In our culture of self-promotion, it has become difficult to determine how to rightly glorify (or publicize) the life and ongoing work of Jesus in our lives. Here’s what the apostle Paul said about our part in building a spiritual legacy that pleases God:
According to the grace of God given to me, like a skilled master builder I laid a foundation, and someone else is building upon it. Let each one take care how he builds upon it. For no one can lay a foundation other than that which is laid, which is Jesus Christ. Now if anyone builds on the foundation with gold, silver, precious stones, wood, hay, straw— each one’s work will become manifest, for the Day will disclose it, because it will be revealed by fire, and the fire will test what sort of work each one has done. If the work that anyone has built on the foundation survives, he will receive a reward. If anyone’s work is burned up, he will suffer loss, though he himself will be saved, but only as through fire.
1 Corinthians 3:10-15 ESV
This passage is sobering. Like Paul, we rightly want to see as many people enter the Kingdom of God as possible. But, like the Corinthians, we might be tempted to think that reducing entry into the kingdom to a brief “sinners prayer”, then hastily lowering the bar for obedience with such phrases as “we are all broken people”, will build his Kingdom at warp speed.
Paul indicates that “each one’s work will become manifest, for the Day will disclose it, because it will be revealed by fire, and the fire will test what sort of work each one has done.” This paints a picture of the test each of us will face regarding our approach to obedience.
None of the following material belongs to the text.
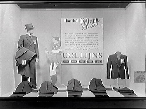 Skyltfönster till en herrekipering. Reklamskylten för Collijns (AB Gunnar Collijn, Stockholm) bär rubriken "Han höll på blått.." Skyltdockan sällskapas av en mindre jockeyklädd pappfigur och förmodligen är de utlagda kostymerna i blå nyanser.
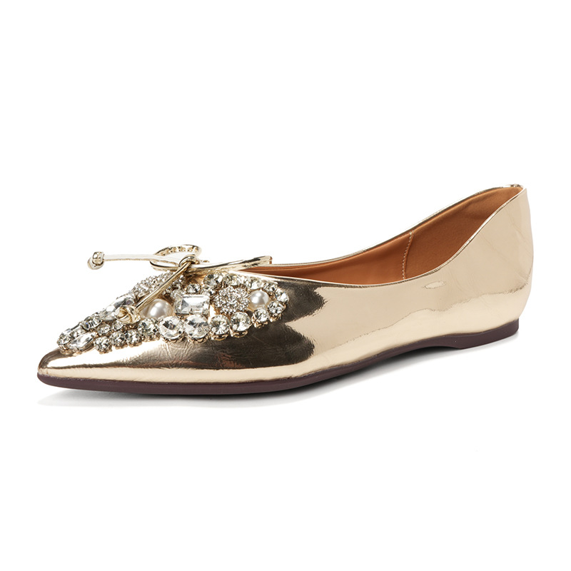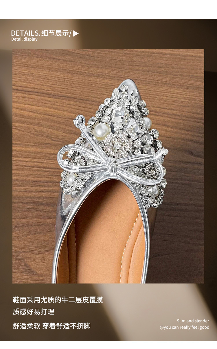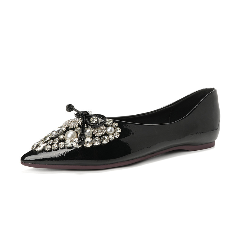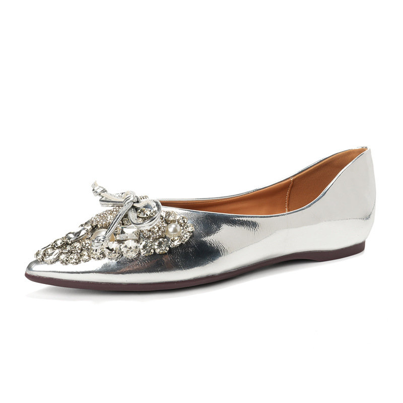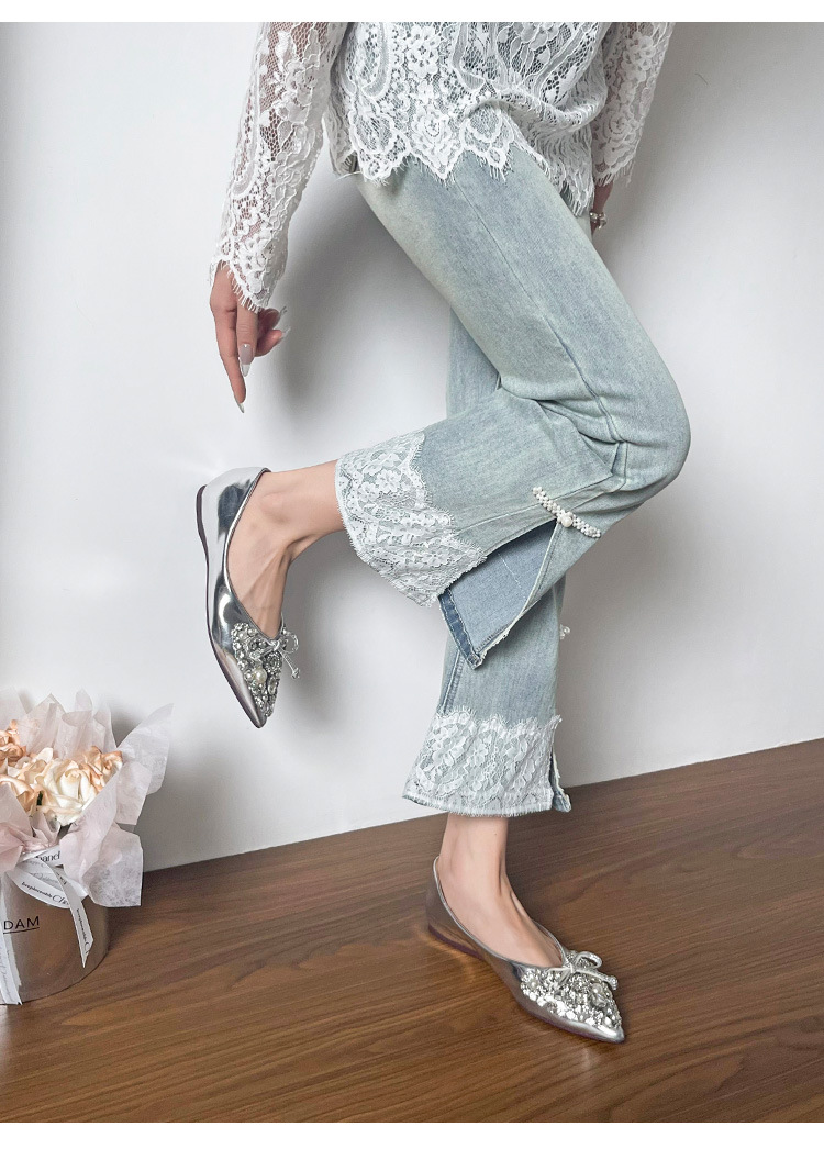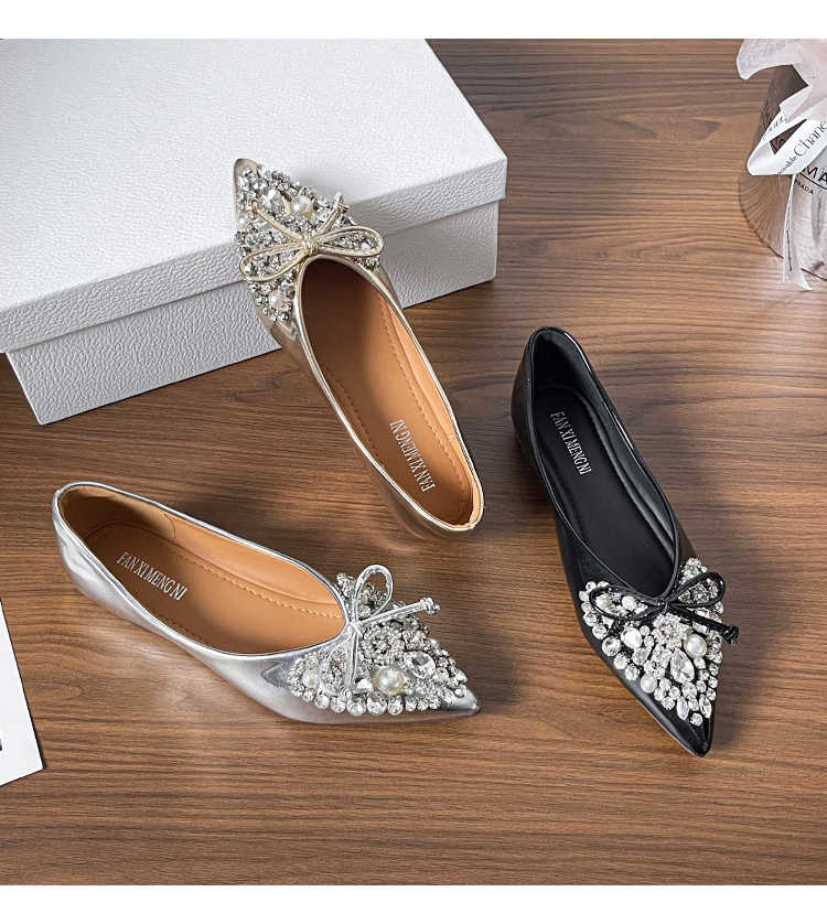 789-41 여름 신상품 여성용 라인스톤 뾰족코 구두 리본 장식 부드러운 밑창 편안한 키높이 플랫 슈즈

The building materials “gold, silver, precious stones” indicate the quality God is aiming for as he gives us materials to build his Kingdom on earth as it is in heaven. The term “the Day” refers to God’s end-time judgment of the work we do in this life.
If we adopt a cavalier attitude toward obedience to God’s word and his ways, and teach others to do the same, we will still enjoy an eternity with God, but will not have the heavenly rewards he wants us to have. Paul doesn’t elaborate on those rewards, but indicates we don’t want to miss them. He also emphasizes a fire ceremony is reserved for flammable works of “wood, hay, straw” – likely, sinful or useless/marginal attitudes and behaviors that some of the Corinthian believers were permitting in their lives.
Take another look at the classic children’s story of The Three Little Pigs and think about what kind of building materials are available to you and how God wants you to use them.